* **WHAT IS EXPECTED**: Leave every picture out, then reproduce the rest of the listing exactly.

* **EXERCISE DATA**:
☆ ☆ ☆ ☆ ☆ ☆ ☆
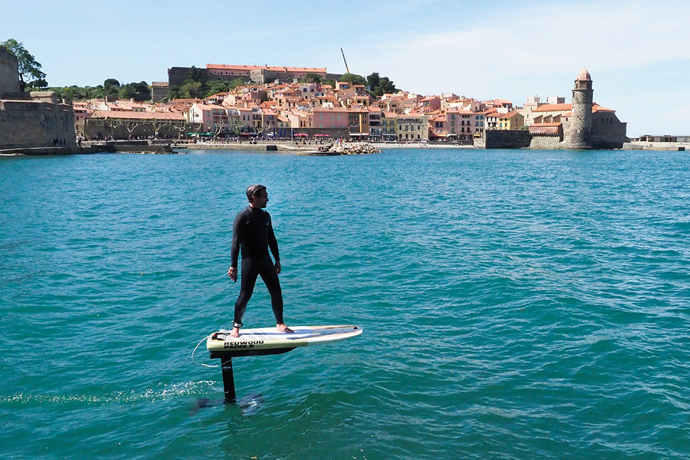 Collioure, France | AFP | mardi 13/05/2019 - "Regarde, c'est Jésus sur l'eau", "Encore un truc américain": en ce début mai, les badauds qui déambulent sur le port de Collioure s'ébahissent devant un surfeur qui décrit des arabesques à 30 cm au-dessus de l'eau.
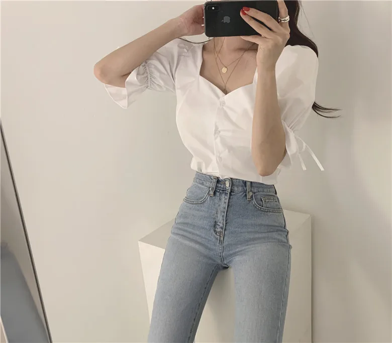 Блузка женская с длинным рукавом ажурная цветочным принтом для офиса на
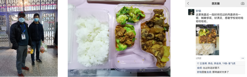 ——送餐上門,鼓舞抗疫信心。學(xué)院為被隔離的130名研究生購買盒飯,為他們送上可口暖心的飯菜,鼓舞學(xué)生們堅(jiān)定信心,克服困難,同心抗疫。
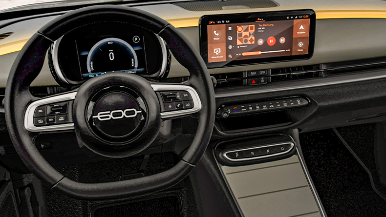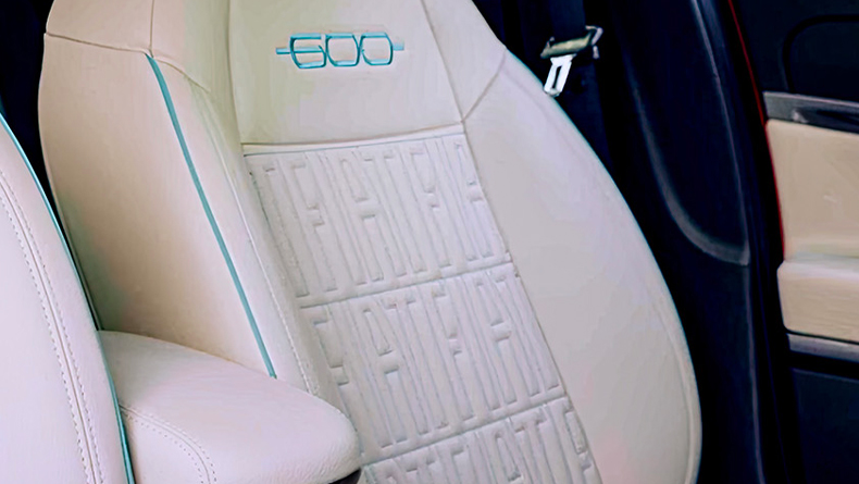 Εξερευνήστε τον αληθινό τρόπο ζωής της ιταλικής Dolcevita μέσα σε ένα premium εσωτερικό ιβουάρ χρώματος και τις τιρκουάζ λεπτομέρειες με το μονόγραμμα της FIAT.
☆ ☆ ☆ ☆ ☆ ☆ ☆
* **RESULT**:
 Collioure, France | AFP | mardi 13/05/2019 - "Regarde, c'est Jésus sur l'eau", "Encore un truc américain": en ce début mai, les badauds qui déambulent sur le port de Collioure s'ébahissent devant un surfeur qui décrit des arabesques à 30 cm au-dessus de l'eau.
 Блузка женская с длинным рукавом ажурная цветочным принтом для офиса на
 ——送餐上門,鼓舞抗疫信心。學(xué)院為被隔離的130名研究生購買盒飯,為他們送上可口暖心的飯菜,鼓舞學(xué)生們堅(jiān)定信心,克服困難,同心抗疫。
 Εξερευνήστε τον αληθινό τρόπο ζωής της ιταλικής Dolcevita μέσα σε ένα premium εσωτερικό ιβουάρ χρώματος και τις τιρκουάζ λεπτομέρειες με το μονόγραμμα της FIAT.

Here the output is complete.